De novo assembly of genomes and metagenomes from next generation sequencing data

Project Details

Project Lead
Haixu Tang 
Project Manager
Haixu Tang 
Project Members
Heewook Lee, Mina Rho, Ram Podicheti, Gregory Zynda, Mingjie Wang  
Institution
Indiana University, School of Informatics and Computing  
Discipline
Biology (603) 
Subdiscipline
14.14 Environmental/Environmental Health Engineering 

Abstract

We will use the FutureGrid computing resource to assemble next-generation sequencing (NGS) reads from eukaryotic genome projects and metagenome project, including the human microbiome project and the earth microbiome project. The massive sequencing data generated by NGS sequencers have revolutionized many fields of biology, but requires extensive computing resources to be analyzed.
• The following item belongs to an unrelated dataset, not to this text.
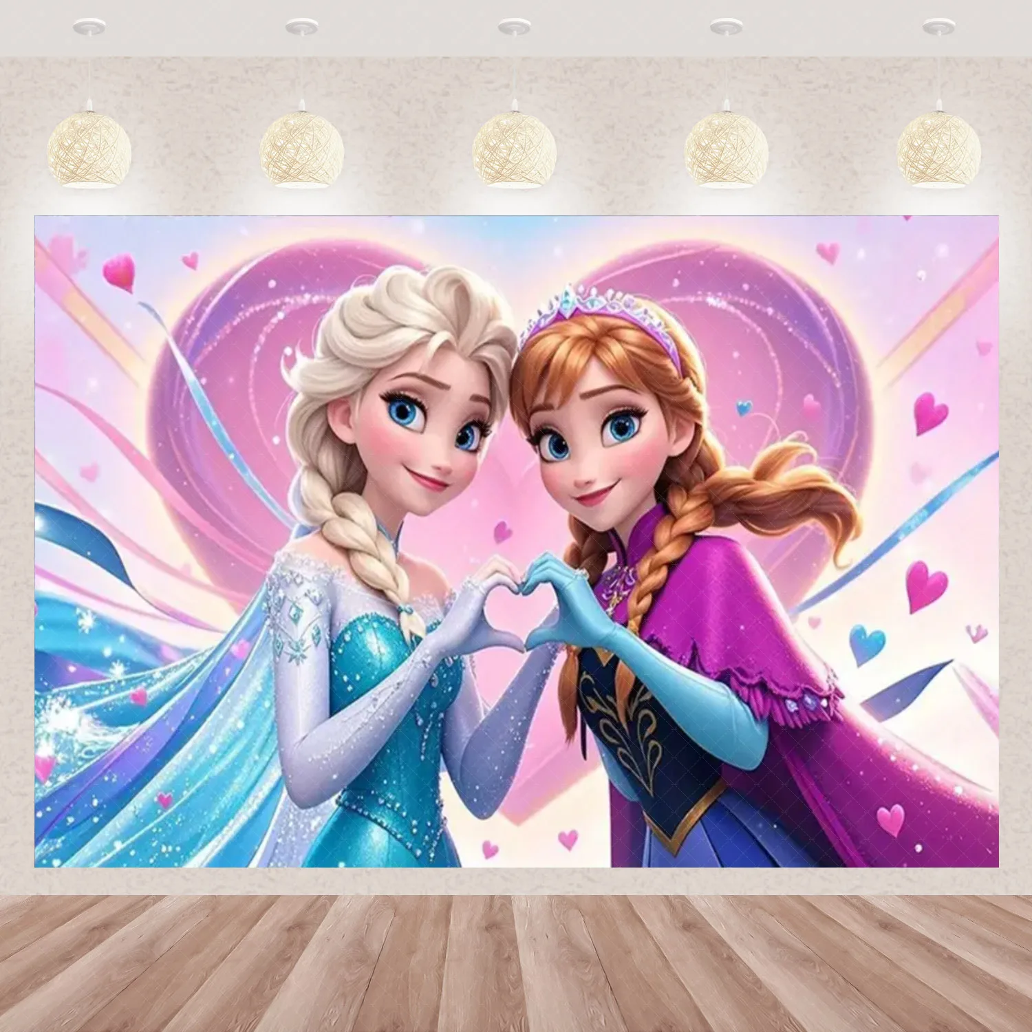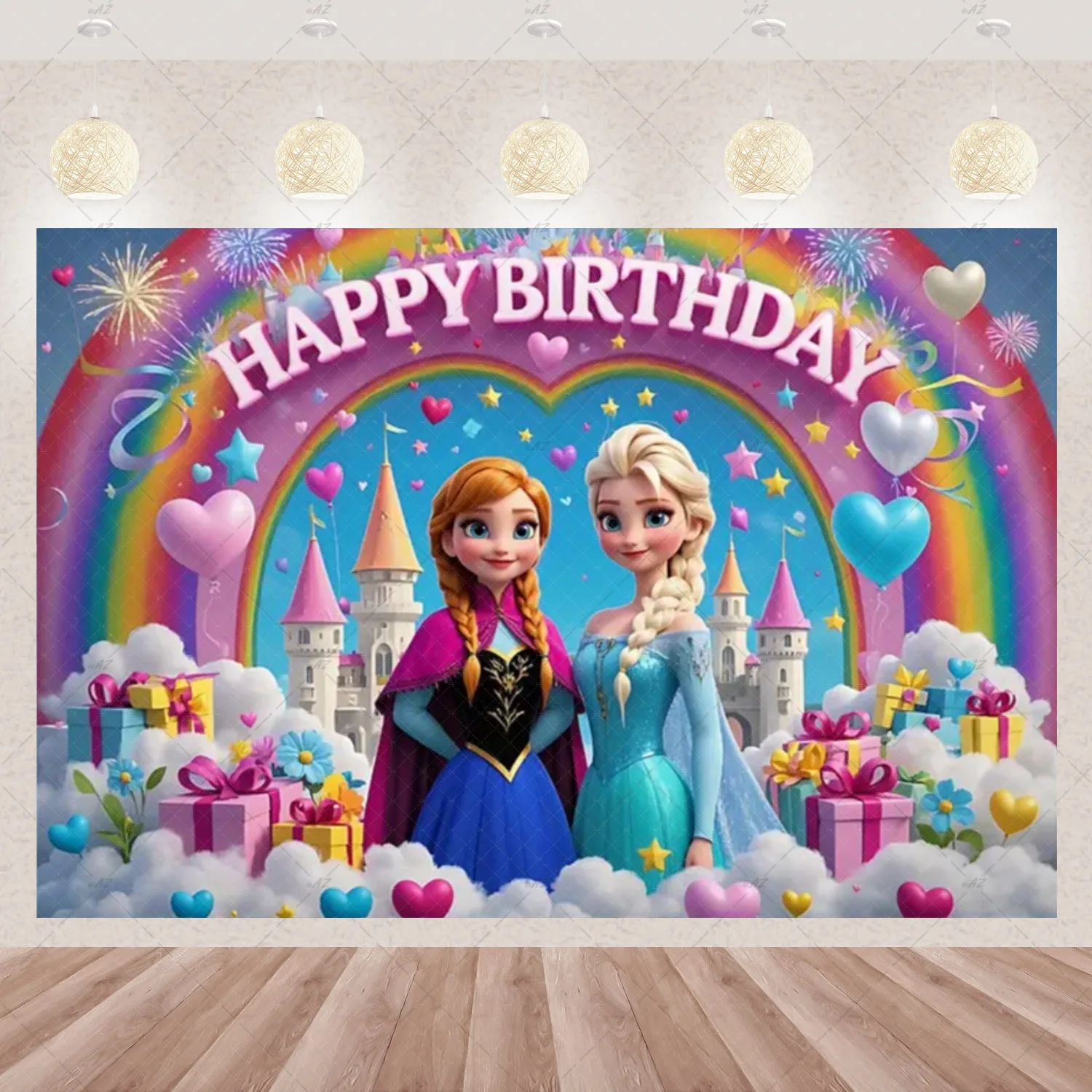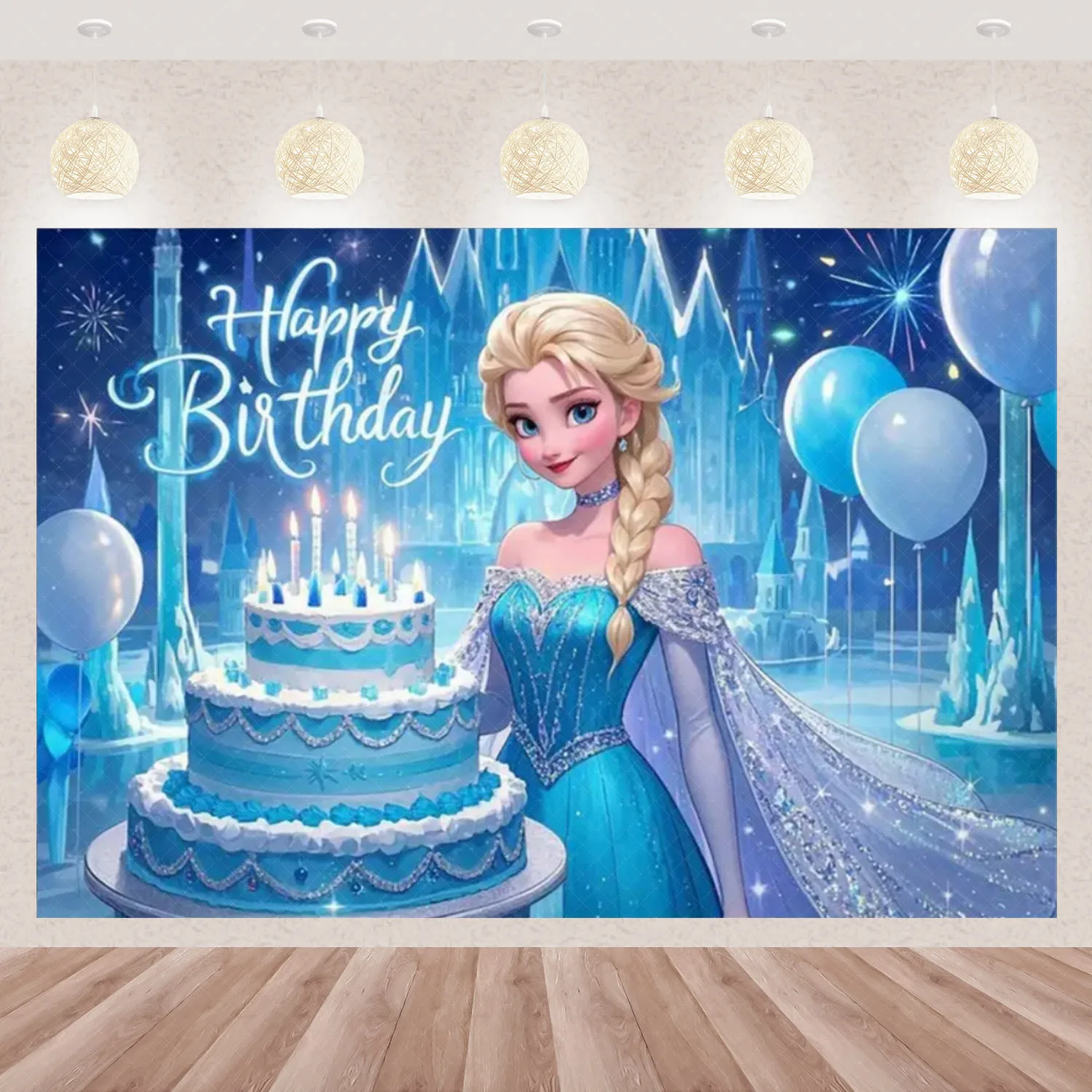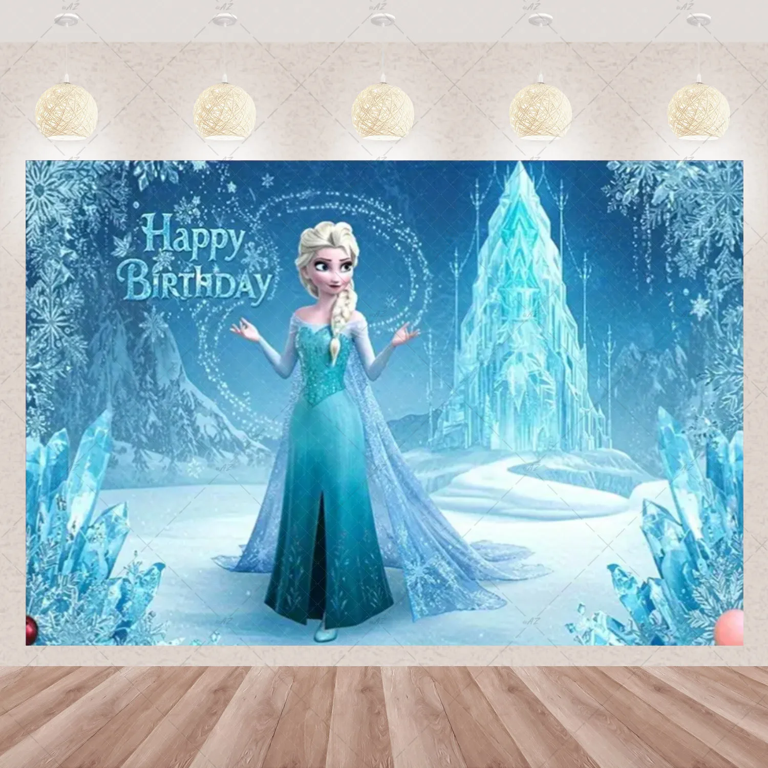 Frozen Elsa Anna Princess Theme Backdrop Frozen Birthday Party Decoration Baby Shower Supplies Background Photo Prop Girl Gift

In particular, we would like to utilize the computer clusters with large continuous RAM from the FutureGird project to test some assembly algorithms we developed for NGS data and to analyze large datasets from microbiome projects that may lead to new findings.

Intellectual Merit

Because of the nature of the large dataset, it is very time consuming to test and improve assembly algorithms for NGS data. FutureGrid resources provide a unique opportunity to test them on real large datasets. The results will be very valuable for the genomics community to develop and improve assembly algorithms.

Broader Impacts

NGS techniques have been applied to many different topics, ranging from biology to environmental sciences and new energy. The success of the proposed project will have great impact in these application areas.

Scale of Use

We need to use computer nodes with large RAM for a week.